The Big Story: Caught off guard
The Indian Meteorological Department this week announced that the south-west monsoon, which provides close to 80% of the country’s annual rainfall, had set in on May 29, three days ahead of schedule.
Almost immediately, it took its toll. Since Tuesday, heavy rains have pounded Mangaluru in Karnataka, leading to severe flooding and at least two deaths. The city’s storm-water drains have been unable to cope with the deluge. City administrators say that the flooding is due to the fact that the rains have been unusually intense and that high tides have prevented the water from flowing out into the sea. But poor urban planning is as much to blame. As Mangaluru continues to expand rapidly, activists have accused the administration of turning a blind eye to the frequent violations of planning norms. More buildings are added every year, but civic infrastructure has not expanded to keep pace. Natural drainage channels and sinks such as wetlands have been blocked by encroachments, exacerbating the waterlogging.

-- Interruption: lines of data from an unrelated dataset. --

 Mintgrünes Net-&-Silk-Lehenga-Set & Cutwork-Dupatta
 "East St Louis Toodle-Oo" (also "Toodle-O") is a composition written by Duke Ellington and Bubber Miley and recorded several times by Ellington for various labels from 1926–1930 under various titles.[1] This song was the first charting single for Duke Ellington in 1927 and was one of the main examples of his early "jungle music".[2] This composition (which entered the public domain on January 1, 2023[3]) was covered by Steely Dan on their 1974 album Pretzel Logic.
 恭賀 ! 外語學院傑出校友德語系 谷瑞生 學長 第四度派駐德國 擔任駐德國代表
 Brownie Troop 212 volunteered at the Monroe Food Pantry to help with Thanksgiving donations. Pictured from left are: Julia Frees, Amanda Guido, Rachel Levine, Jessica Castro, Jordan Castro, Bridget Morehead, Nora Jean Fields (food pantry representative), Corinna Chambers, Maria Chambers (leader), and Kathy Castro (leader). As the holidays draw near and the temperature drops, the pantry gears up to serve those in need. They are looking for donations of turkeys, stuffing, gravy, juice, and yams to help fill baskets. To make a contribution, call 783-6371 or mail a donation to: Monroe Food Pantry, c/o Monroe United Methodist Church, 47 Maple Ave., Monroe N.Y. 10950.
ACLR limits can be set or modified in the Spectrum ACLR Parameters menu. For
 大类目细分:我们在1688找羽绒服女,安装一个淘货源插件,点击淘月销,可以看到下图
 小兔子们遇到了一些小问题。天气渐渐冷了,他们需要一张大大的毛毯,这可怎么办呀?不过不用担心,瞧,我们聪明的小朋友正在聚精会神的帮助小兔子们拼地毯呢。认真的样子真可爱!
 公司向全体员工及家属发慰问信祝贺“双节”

The same story is playing out across the country. Mumbai experiences flooding almost every year. In 2015, Chennai was under water for a week as the administration suddenly opened dam gates without any warning to the public. Bengaluru faces the twin problems of flooding and water scarcity at the same time, a telling commentary of the carelessness of urban planners. The city has lost hundreds of ponds and lakes to urbanisation in the last few decades.
Much of the problem lies in the changing patterns of the monsoon. While the Met department says the monsoon will be normal this year, this fails to reveal the basic fact that “normal” is only a representation of the aggregate rainfall across the country. This does not mean that the rainfall will be spread consistently in space or time. In fact, research on the monsoon shows that the number of days with extreme rainfall is increasing gradually, heightening the chances of flooding. Adding to all this is the looming danger of climate change, which many cities are failing to anticipate as they plan for the future.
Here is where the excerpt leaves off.